"""

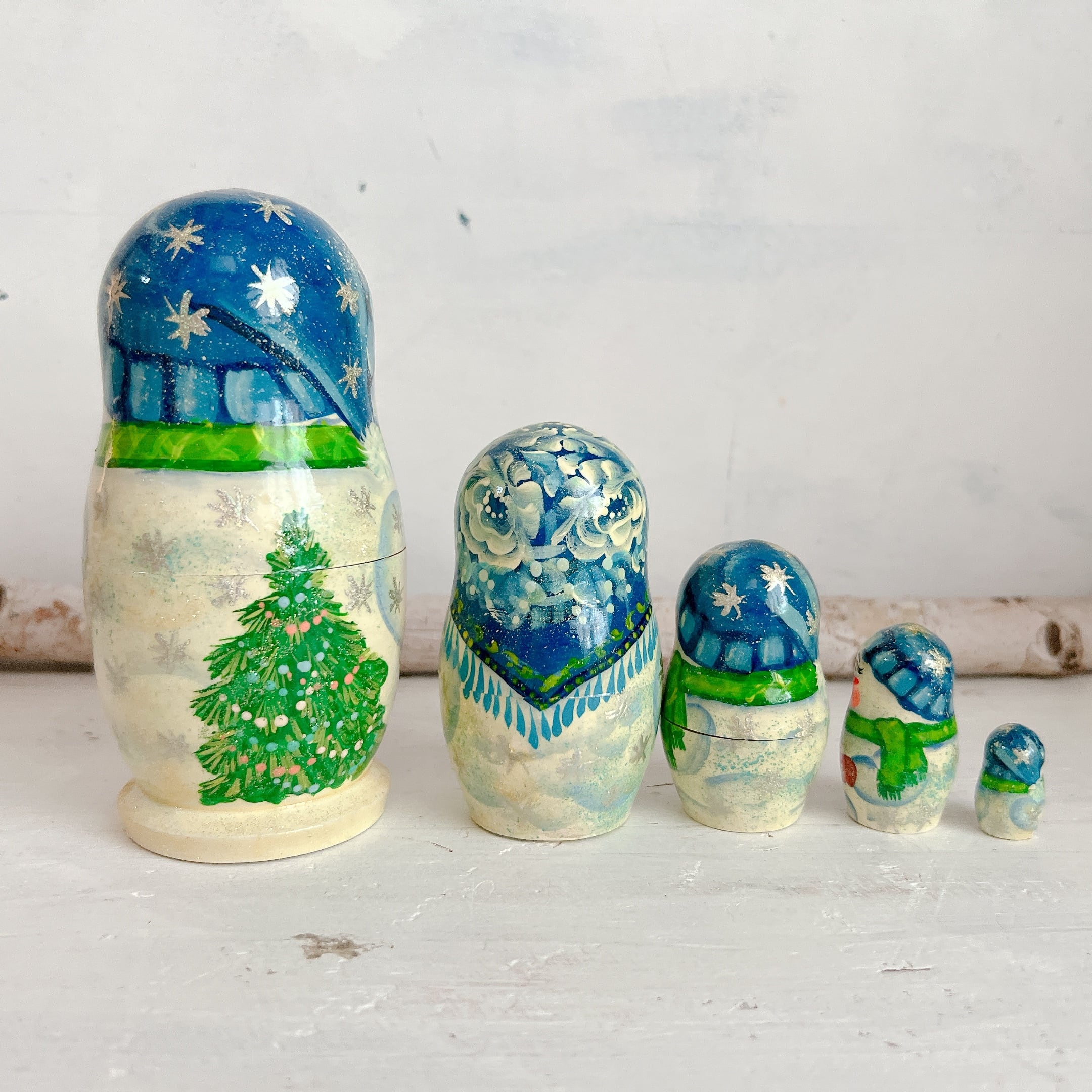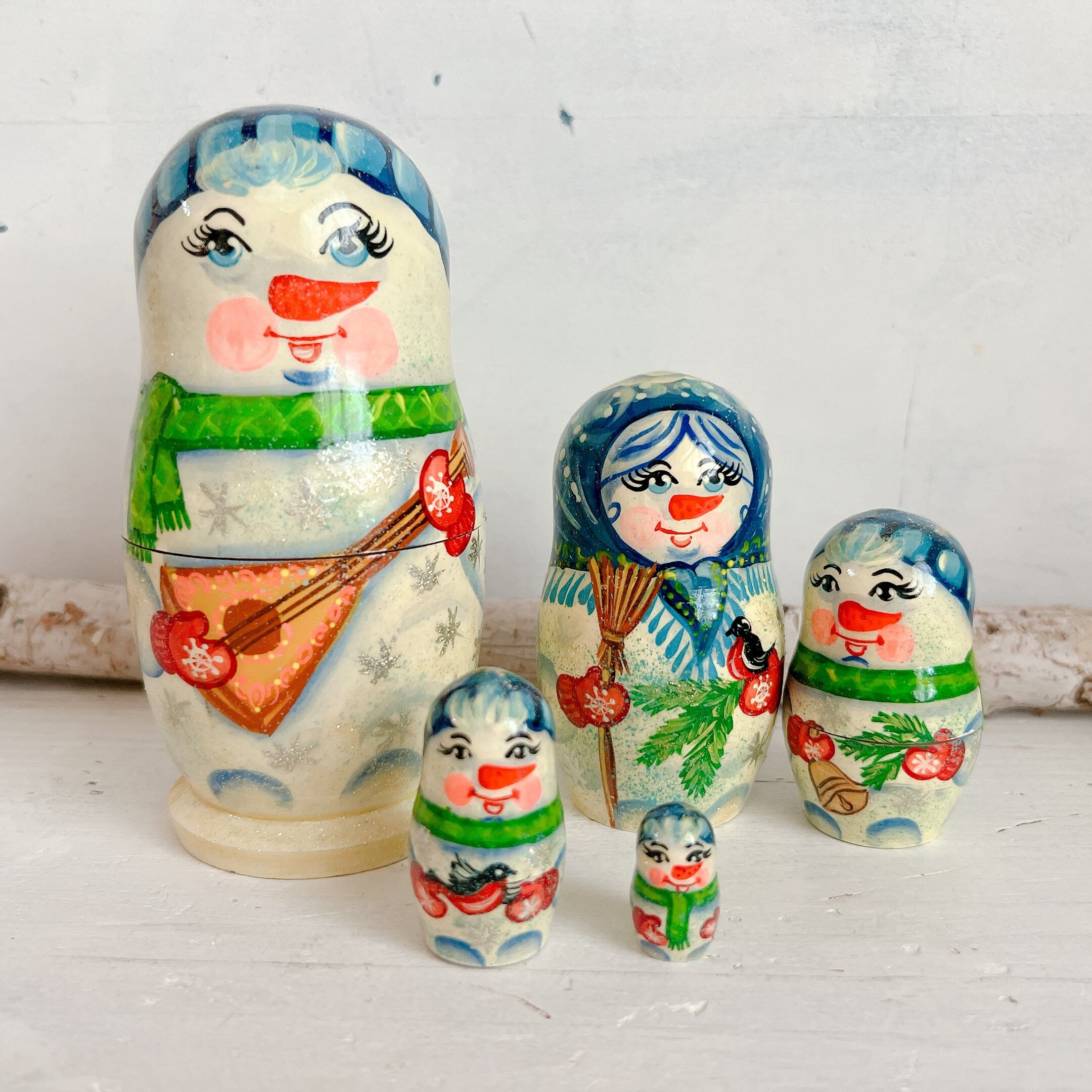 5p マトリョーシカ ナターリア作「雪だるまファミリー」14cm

"""
"""

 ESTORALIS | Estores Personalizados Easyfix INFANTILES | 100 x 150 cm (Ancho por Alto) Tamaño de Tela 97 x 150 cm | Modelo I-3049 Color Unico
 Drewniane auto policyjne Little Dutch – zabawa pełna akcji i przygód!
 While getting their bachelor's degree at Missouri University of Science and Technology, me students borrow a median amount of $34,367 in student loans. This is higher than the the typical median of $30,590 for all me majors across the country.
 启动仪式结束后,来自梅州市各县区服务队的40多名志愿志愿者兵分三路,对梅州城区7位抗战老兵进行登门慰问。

"""

### Task goal
Take the line above containing "While getting their", the line containing "启动仪式结束后,来自梅州市各", and all lines in between, and copy them exactly without anything else.

### Problem solution
 While getting their bachelor's degree at Missouri University of Science and Technology, me students borrow a median amount of $34,367 in student loans. This is higher than the the typical median of $30,590 for all me majors across the country.
 启动仪式结束后,来自梅州市各县区服务队的40多名志愿志愿者兵分三路,对梅州城区7位抗战老兵进行登门慰问。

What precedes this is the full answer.